La coupe de bois
A mon fils
1er février 1940
Ils étaient quelques uns, avides de chauffage
Qui, moyennant finance, avaient fait héritage
D'un lot d'arbres divers pour éclaircir le bois ;
Pensant que la forêt a besoin de lumière
Elle que la Nature a doté de mystère
Afin que nul ne cherche à discuter ses lois.
Ils étaient quelques uns, incapables d'écrire
Ce qu'un poète heureux, en accordant sa lyre,
Ressent, lorsqu'il chemine en des sentiers perdus.
Lorsque le doux Printemps aux branches frémissantes
Attache des points verts ; car, de sève, haletantes
Des feuilles font appel aux bonheurs attendus.
Méprisant le décor aux couleurs séduisantes ;
Foulant du pied la mousse et les tiges naissantes
L'acquéreur satisfait est venu contempler
Le nombre et la grandeur des futures victimes.
Fier d'avoir perpétré la valeur de ses crimes,
Il s'est mis à l'ouvrage, un matin, sans trembler.
Il semblait se griser du bruit sourd de la hache
Et quand un arbrisseau tombait, d'un air bravache,
Avec une serpette il coupait ses rameaux.
J'aurais voulu crier à ce tyran sans âme :
Tu parais ignorer que détruire est infâme ;
Si tu n'es pas ingrat pense aux petits oiseaux.
C'est là qu'ils composaient leurs chansons printanières.
Tous ces taillis épais figuraient leurs volières,
Cages sans une porte où briser leur essor.
Et si tu veux me croire, arrête ton ouvrage
Ecoute et comprends bien la parole du sage.

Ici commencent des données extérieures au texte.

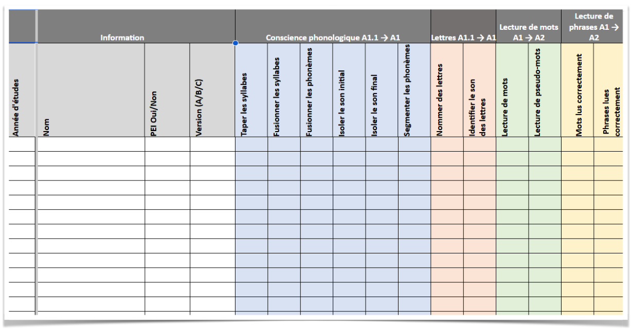 Use this spreadsheet to help track student progress with the Phare phonétique measures.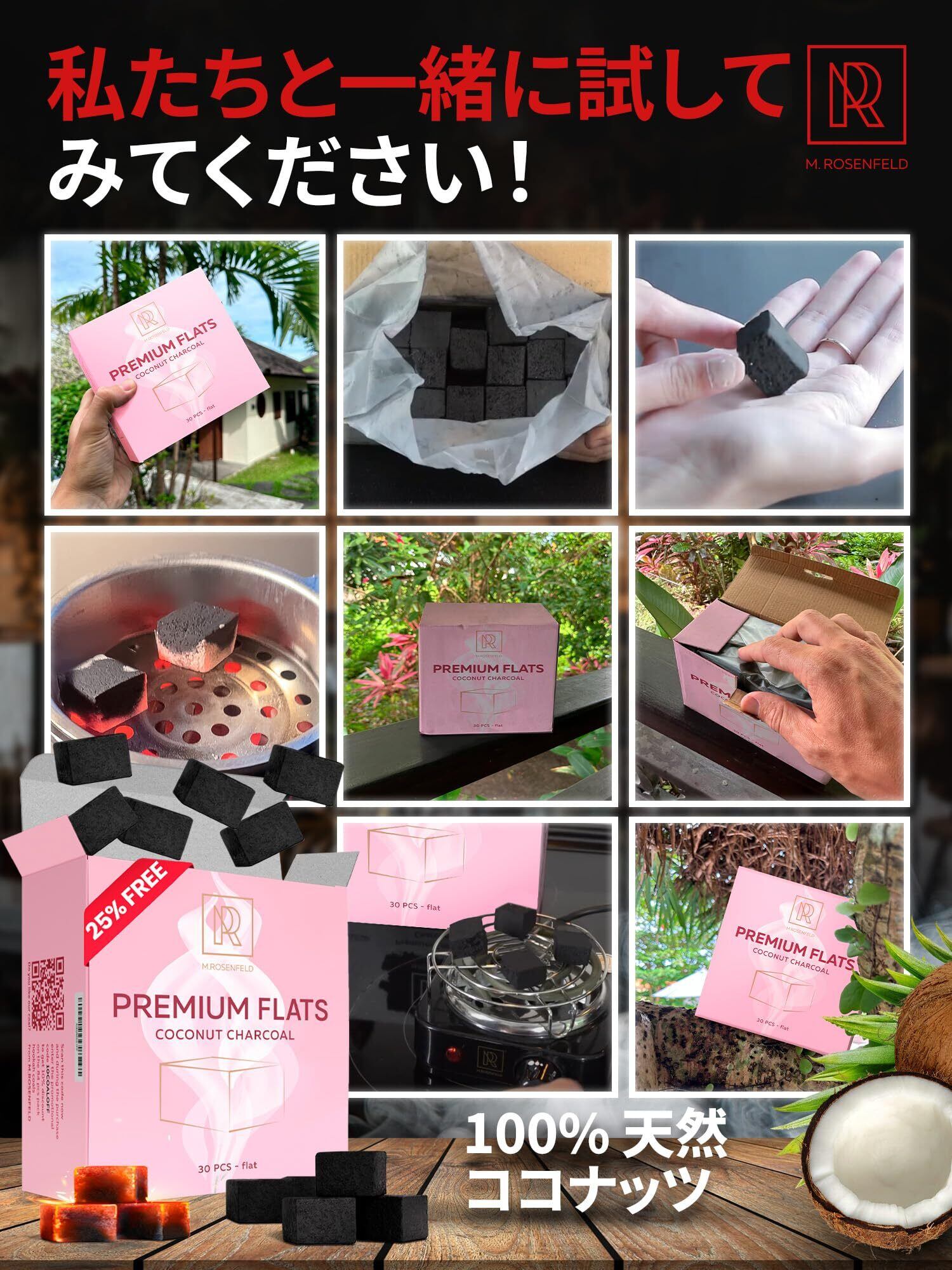 【100%天然ココナッツ】M. ROSENFELDのシーシャ炭はココナツ殻のみを使用し、不純物0%。無臭・無添加でフレーバー本来の味を邪魔しません。初心者にも扱いやすく、自宅・カフェ・シーシャバーで快適に楽しめます。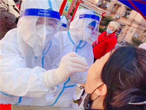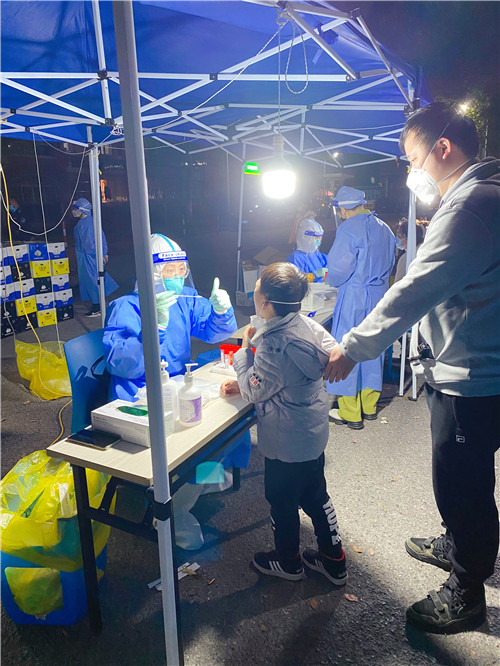 作為三個孩子的媽媽,麻醉科護士程鳳仙舍小家為大家,第一時間報名支援上海戰(zhàn)疫?!靶∨笥眩阏嬗赂?!”她一面鼓勵剛做完核酸的小朋友,一面豎起大拇指點贊。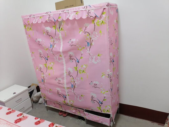 布衣柜收到了,还没有组装,看起来还是很不错的。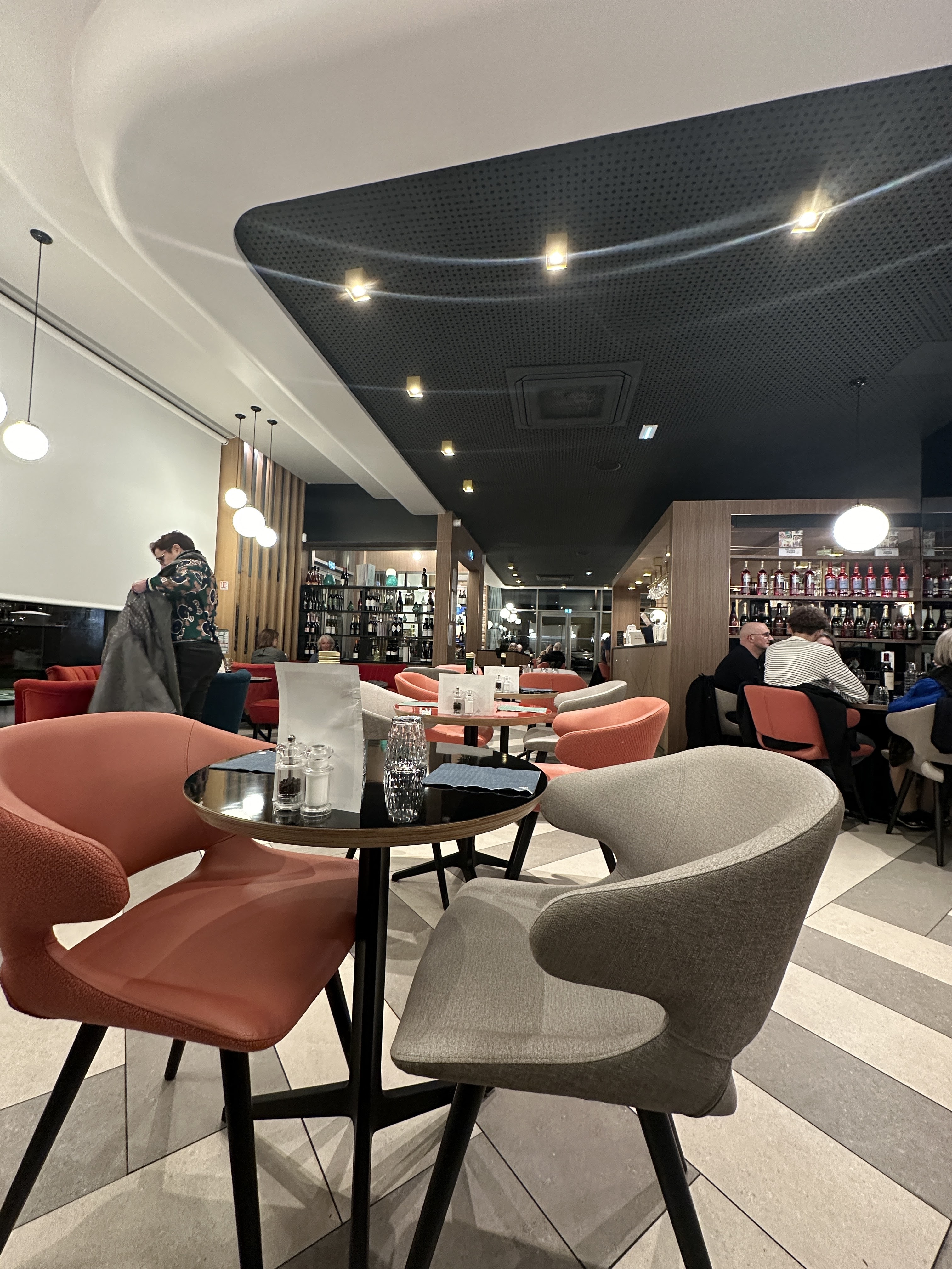 Très belle surprise. Alors que l'emplacement et l'extérieur me paraissaient presque impersonnels, nous sommes entrés dans un espace spacieux, chaleureux, au décor très cosy constitué de canapés, fauteuils. Accueil également très chaleureux, confirmé par la suite par tous les collaborateurs qui se sont occupés de notre table. Cuisine de qualité. A découvrir.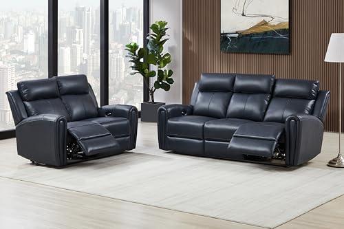 Genuine Leather Power Reclining Sofa Set with USB Port and Drop Down Table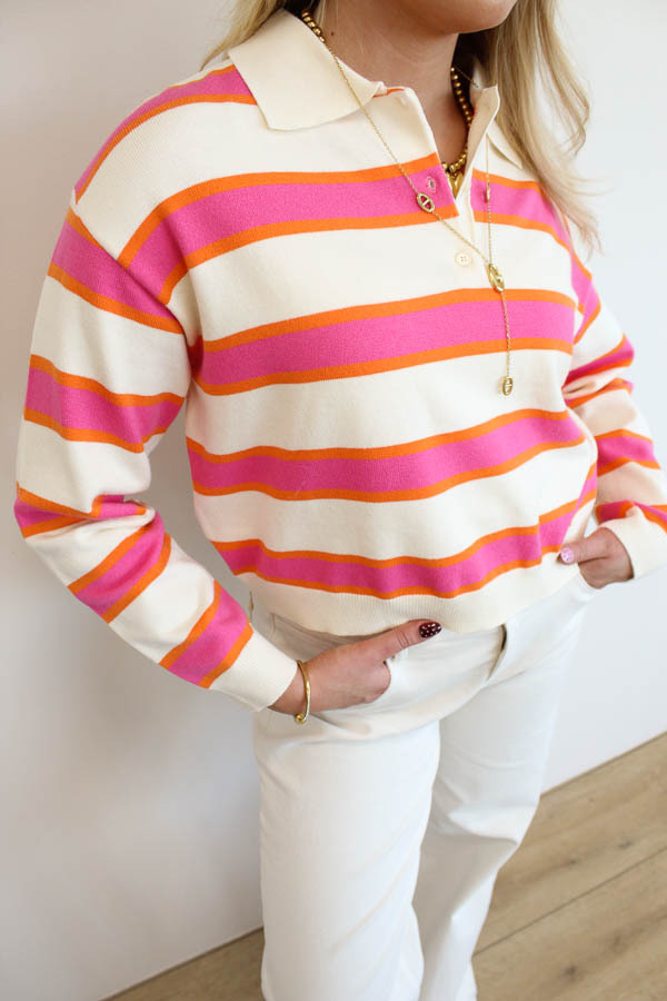 Deze warme gestreepte trui combineert comfort met een elegante uitstraling. De trui is afgewerkt met een verfijnde kanten hals, wat zorgt voor een vrouwelijk en stijlvol detail.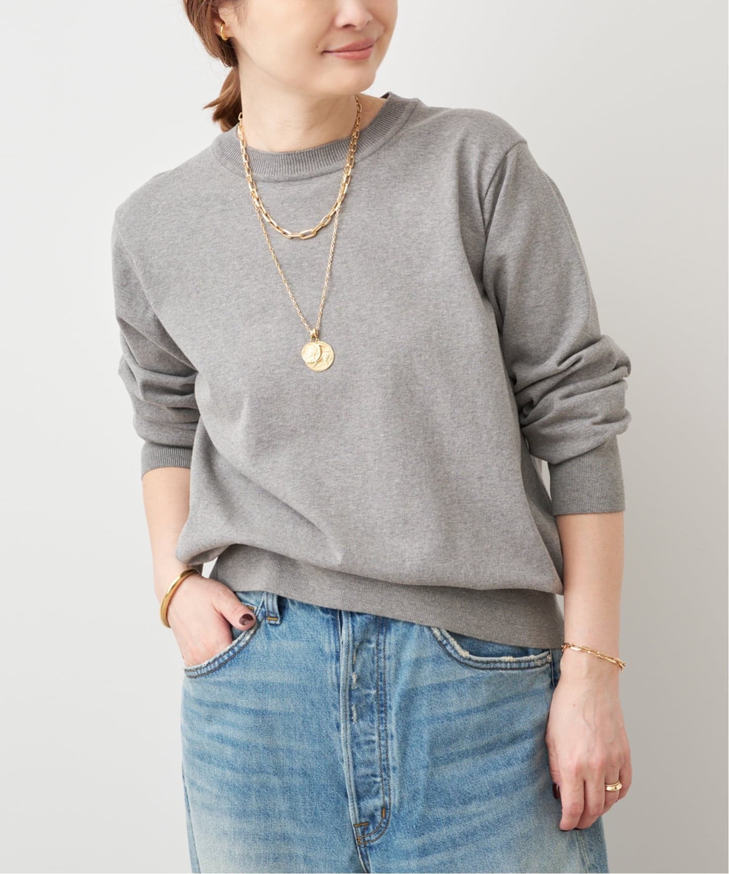 シャープなネックラインにたっぷりの袖のコントラストがムードをつくる。薄手のスウェットはニットよりもぐっと軽やかで梅雨時期まで頼りになりそうな予感。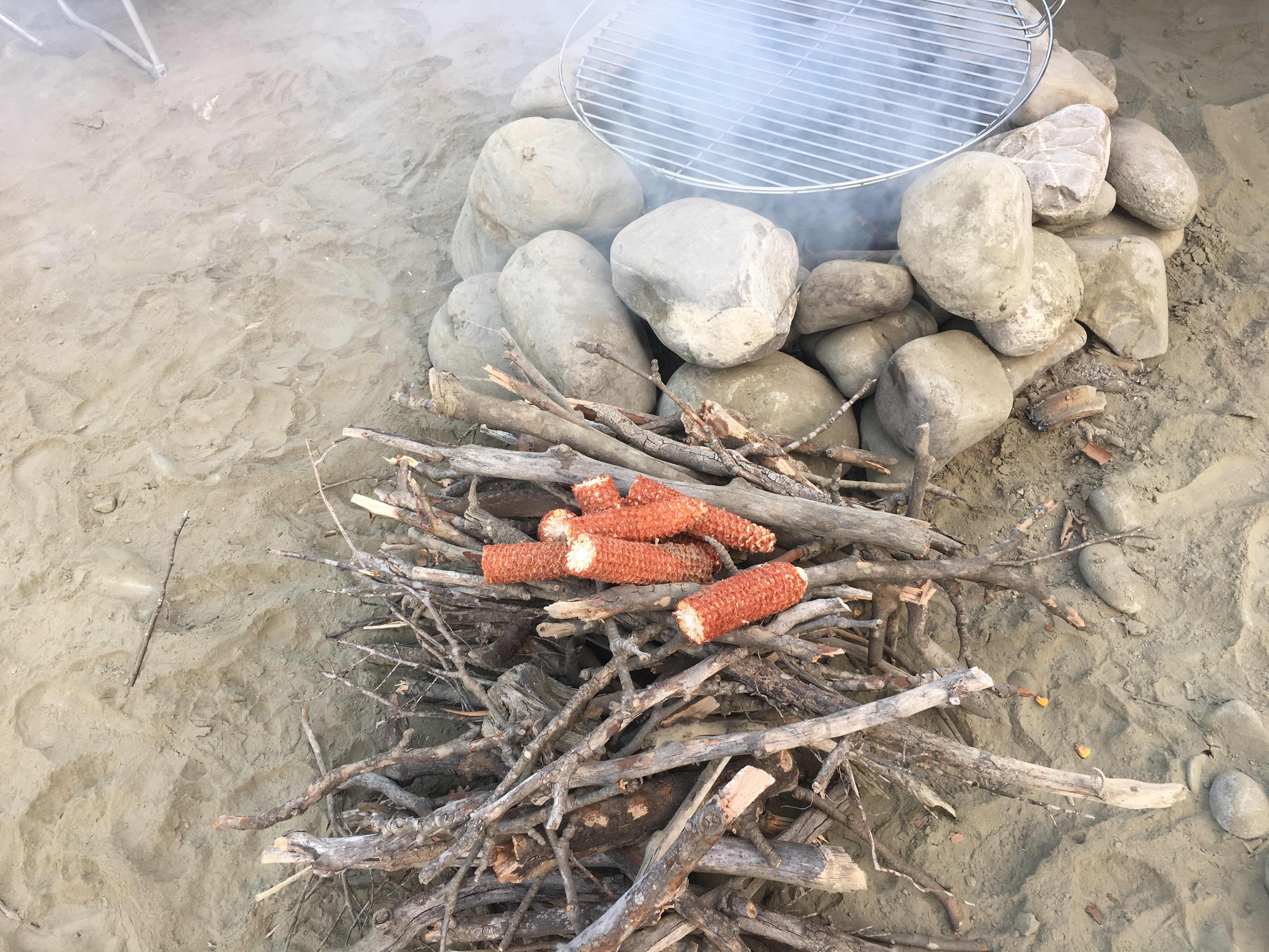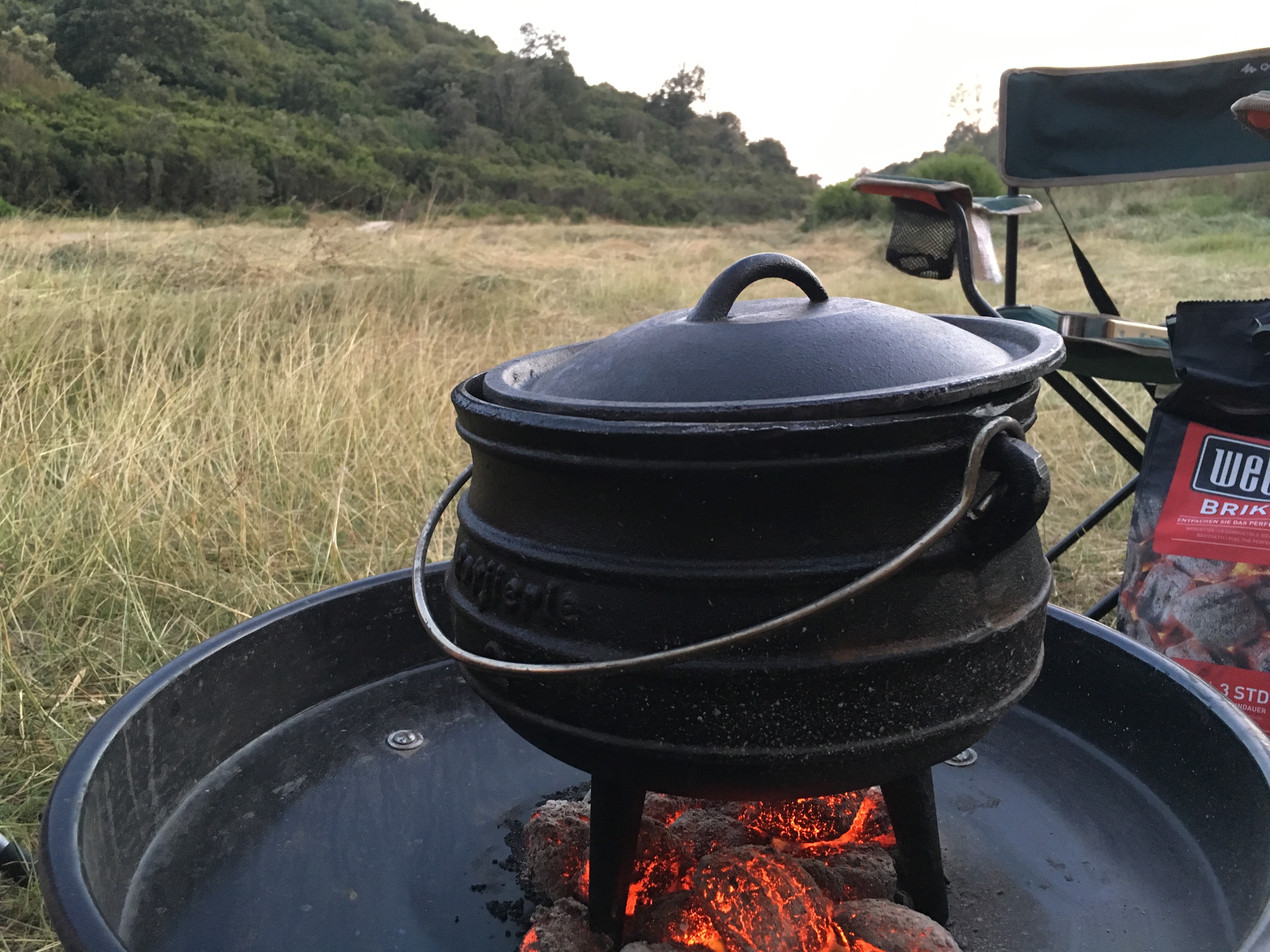 Tipp: Brotbacken am Lagerfeuer – unser erster Versuche war verbesserungswürdig. Man kann den Potje nicht einfach in die Glut stellen ohne ein Anbrennen zu riskieren. Der Durchbruch kam bei uns erst als wir ein Loch neben dem Feuer gruben, den Potje hineinstellten und dann rundherum Holzkohle hineinschaufelten. Das selbstgehend Mehl ist eher ein Flop. Besser normales Mehl und Trockenhefe in Bier gemischt zusetzen. Für 500g Mehl, ein Päckchen Hefe und 250 – 300ml Bier. 1TL Zucker und 1 TL Salz nicht vergessen. Das Brot braucht dann etwa 50Min. und ist sehr lecker.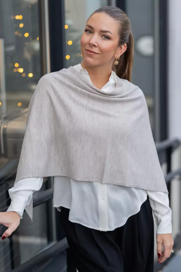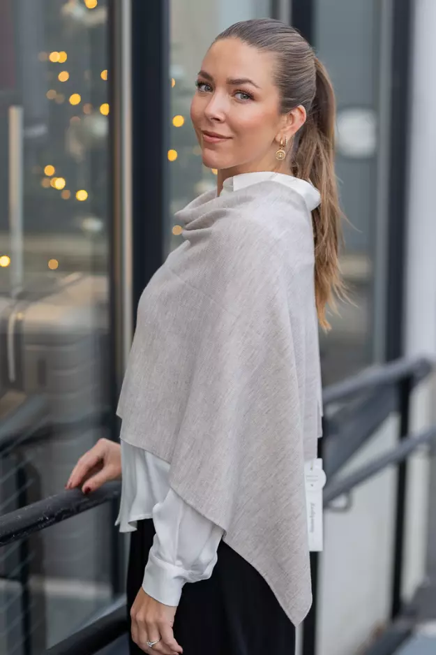 «Paris» fra Sibin Linnebjerg. En klassisk beige poncho i florlett merinoull. Denne er lekker både til pent og hverdags.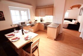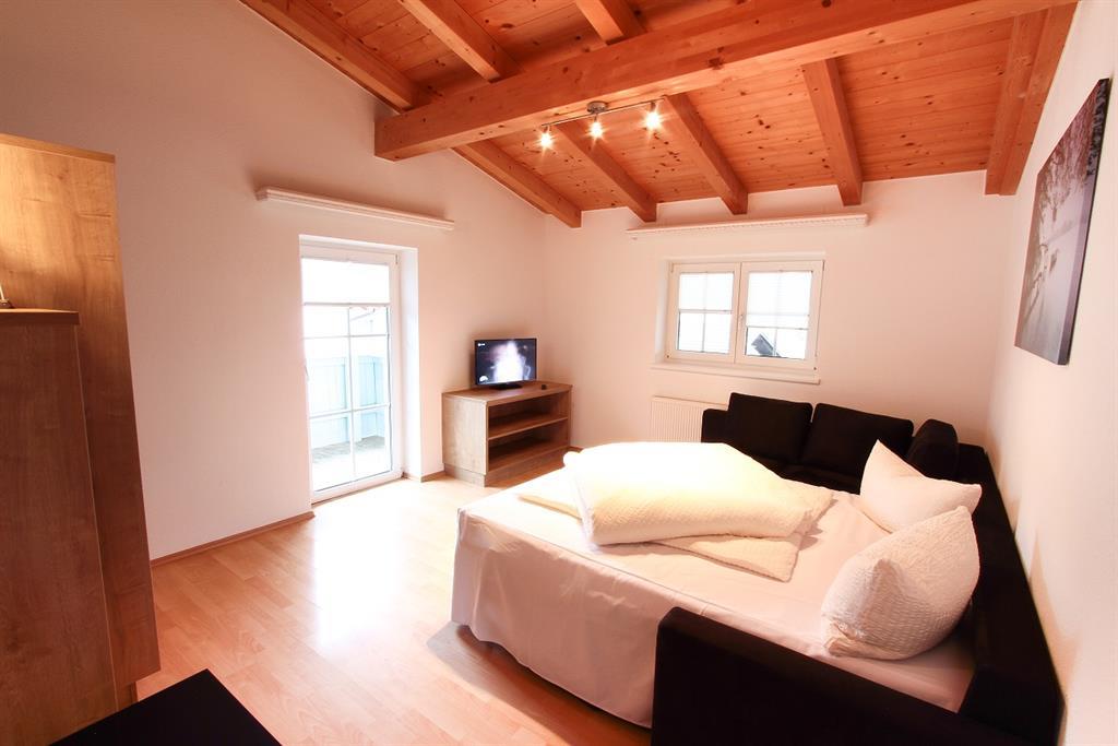 Unsere gemütlichen Appartements (ca. 73 m²) sind mit 1 Doppelzimmer, 1 Einzelzimmer, einer großen vollausgestatteten Küche (Cerankochfeld, Backrohr, Kühlschrank/Tiefkühlschrank, Wasserkocher, Filter-Kaffeemaschine, Mikrowelle uvm.) gemütliches Wohnzimmer mit Schlafmöglichkeit für 2 weitere Personen, 1 Badezimmer mit Dusche/WC, Sat-TV und möbliertem Balkon bzw. möblierter Terrasse ausgestattet.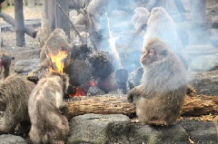 冬の風物詩「たき火にあたるサル」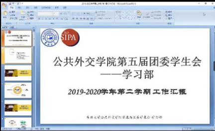 团委学生会不忘初心,恪守使命,积极贯彻落实“党有号召,团有行动”的方针,遵循“线下活动线上办,传统活动创新办”的原则,围绕健康养成、专业学习、志愿服务三条主线,相继推出SIPA健康月、SIPA读书季、“云端筑梦·与爱同行”三大精品活动,为疫情防控贡献属于外交人的青春力量。此外,成人论坛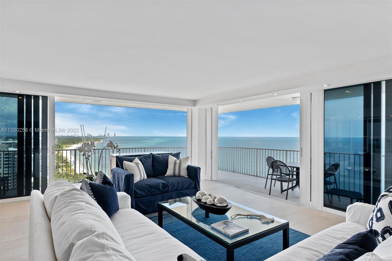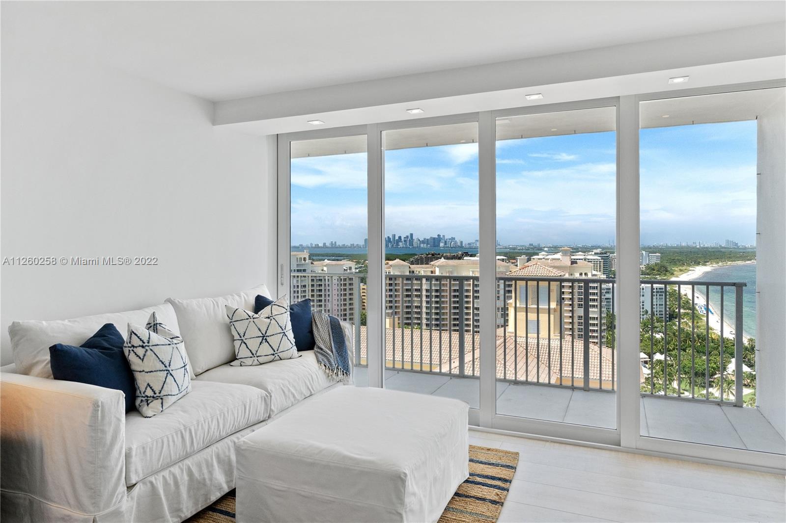 Spectacularly & completely remodeled corner oceanfront unit in best "H" line at Casa del Mar. Unobstructed 270 degree views to Atlantic Ocean, dwntwn Miami, South Beach and beyond! No expense spared in this large 3,120 sq.ft. renovated unit, 2 large wrap-around balconies, impact windows through out, 2 master suites both en suite, beautiful kitchen w/ stainless steel Jenn Air appliances, lge separate laundry room. Lge storage on unit floor, 1 covered parking. Electric blinds throughout |sheer and black outs in bedrooms. Amenities include direct & private beach access, heated pool, Lighted tennis courts, basketball, children's playroom, library, gated guard house +more! Best views and updates in this outstanding Key Biscayne bldg. No pets/golf carts per condo rules. Buyer must pay Sp. Assmt.

Un gazouillis joyeux vaut mieux qu'un bruit de l'or.
Mais les chênes géants, les orgueilleux platanes
Dirent au bûcheron : laisse tes mains profanes.
Pars vers des lieux moins beaux gaspiller tes efforts.
Peut-être, plus que toi, nous tenons à la vie.
Si, de nous attaquer il te prenait envie
Attends, tu sauras mieux, lorsque nous serons morts.